# Trigano Tribute



## Molenoux (Aug 26, 2010)

Hi All,

Recently purchased a Trigano Tribute 2005 model.

Does anyone have any idea about how much insulation there is in the roof and side walls?

Being a standard version van, could it be used comfortably in the winter? say when outside temperatures go down to -5 c ?
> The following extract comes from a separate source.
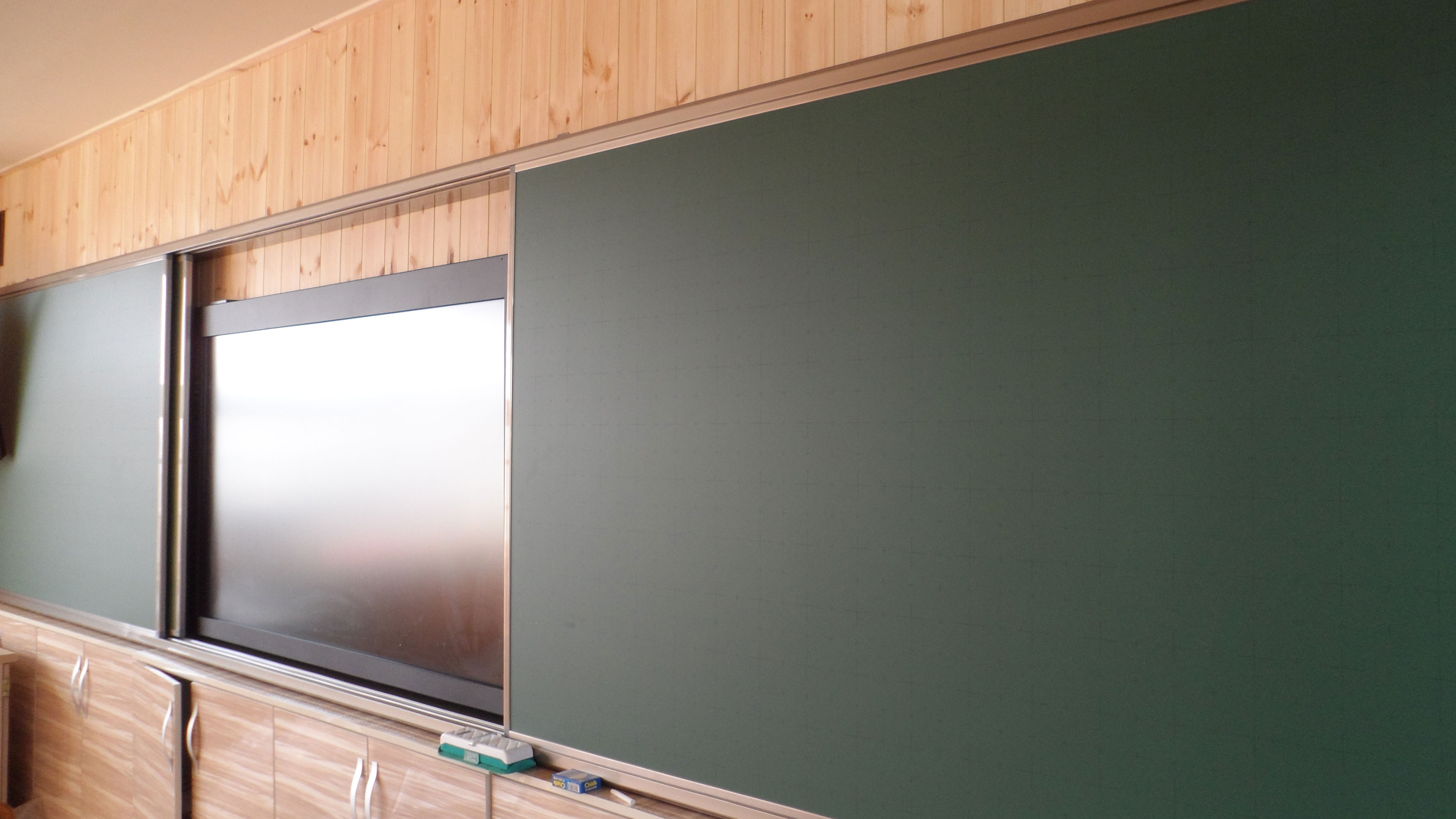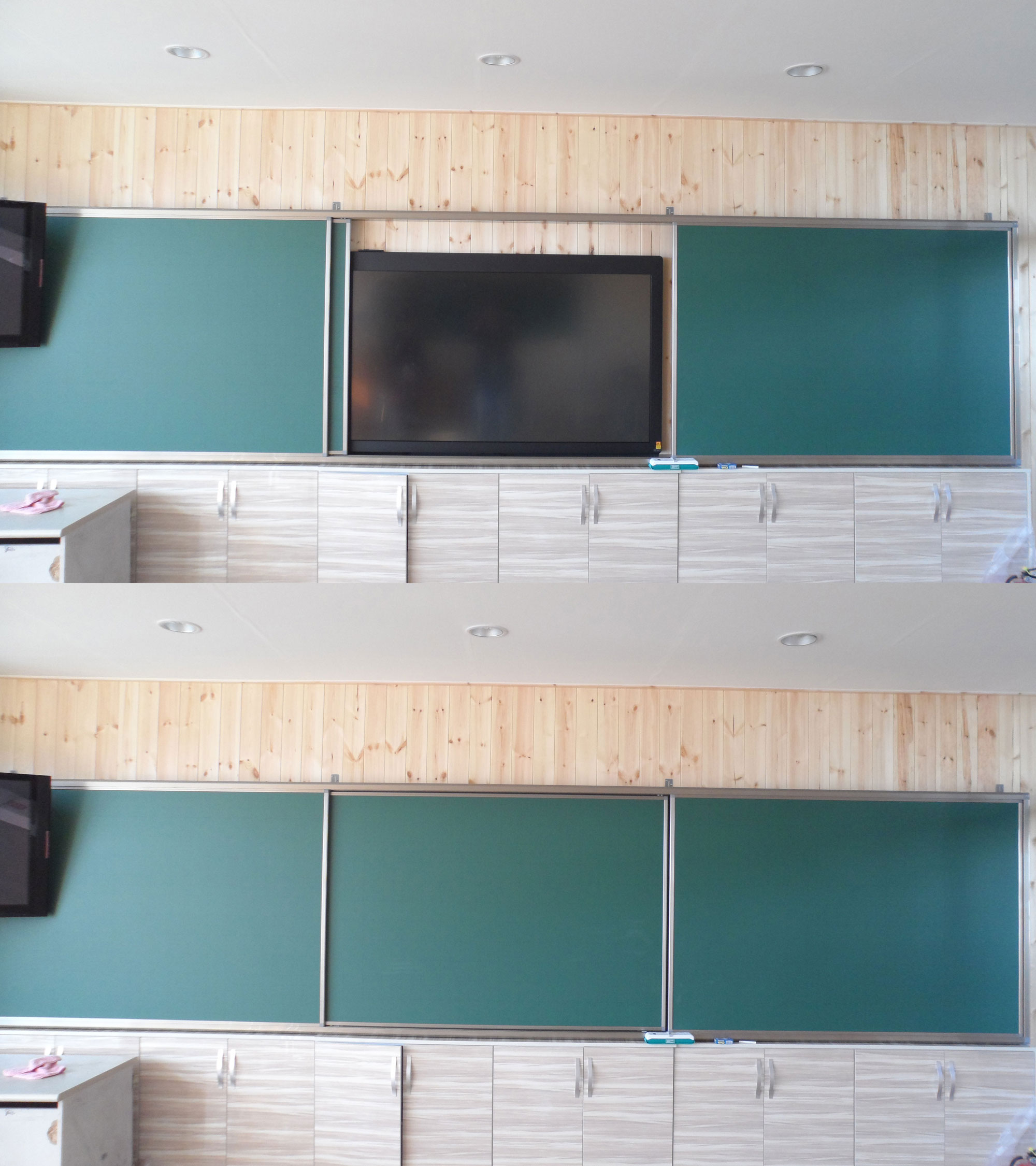 경남 밀양시 소재 밀양중학교에 설치해드린 미닫이 칠판 128.5*540 제품의 모습입니다.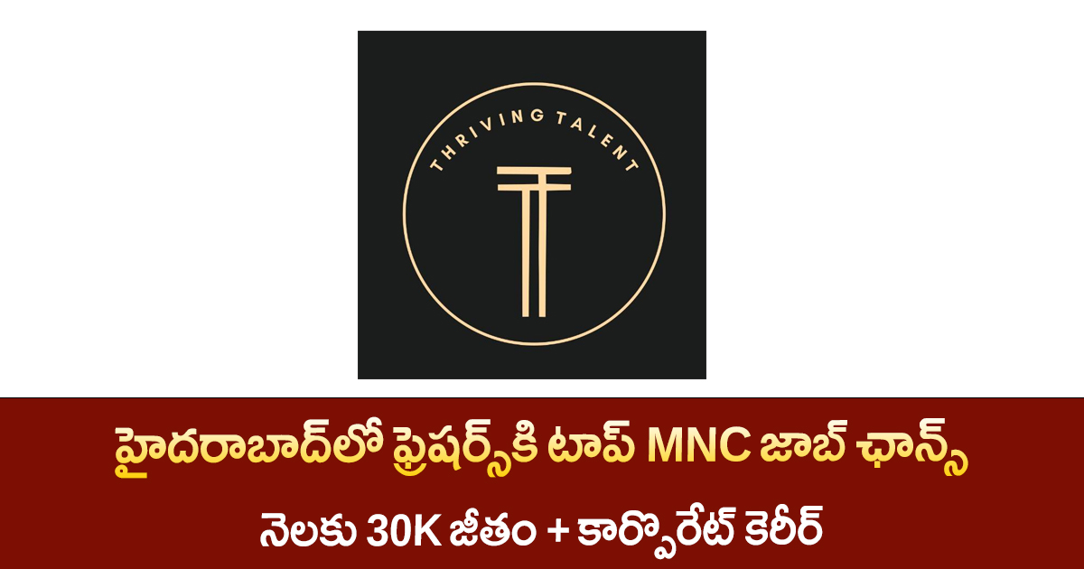 టాప్ MNC లో గ్రాడ్యుయేట్ ఫ్రెషర్స్ కి గోల్డెన్ అవకాశం – హైదరాబాద్‌లో జాబ్ Graduate Freshers Jobs in Hyderabad  : హైదరాబాద్‌లో ఉన్న ప్రముఖ మల్టీ నేషనల్ కంపెనీల్లో (MNCs) మరియు గ్లోబల్ బ్రాండ్స్‌లో పని చేసే గోల్డెన్ ఛాన్స్ వచ్చింది. Thriving Talent Recruitment Services ద్వారా ఈ ఉద్యోగాల కోసం నోటిఫికేషన్ విడుదలైంది. ఈ జాబ్స్ ప్రత్యేకంగా ఫ్రెషర్స్ కోసం, కానీ 0 నుండి 2 సంవత్సరాల అనుభవం ఉన్నవారు కూడా … Read more

Thanking you in anticipation

Molenoux
8)


----------



## tyreman1 (Apr 18, 2008)

You`ll lose a lot of heat through the front windows so good external screen covers will be a must but if your going to use it through the winter you must check if your fresh and waste water tanks are winterised not sure if theyre just underslung on the trigano but thats the biggest issue,frozen pipes are no fun..once you heating is on you`ll be fine inside though....nice van`s,nearly bought one a year or two ago myself


----------



## kenp (Sep 8, 2006)

Mine was 2006 pre X250 chassis.
Insulation was poor to non existent and I sought advice on these pages - to no avail.
I removed rear and sliding door panels and filled with recycled plastic loft insulation from B&Q (no nasty glass fibres to breathe), did the same behind any other panels I could get to eg behind bench seat. Bought polystyrene balls to insulate roof over cab but sold van before I got round to using them.
Made a great difference to heat retention and road noise.
Kenp


----------



## rebbyvid (Apr 10, 2006)

Use mine in winter and not had any problems not sure it was down to - 5 though.Heating is good and you could get a small fan heater if needed.The insulation is very poor but there is a dedicated website for us Tribby owners http://tribby.co.uk/ with loads of tips to insulate your own(even down to a full refit)Never had the tank frozen as its under the bench seat but have had taps split on me because i didnt drain the pump down when left at home overnight.Any other queries give me a shout.
Rob


----------



## Molenoux (Aug 26, 2010)

*TRIGANO TRIBUTE*

Hi, Thanks for your reply, much appreciated.


----------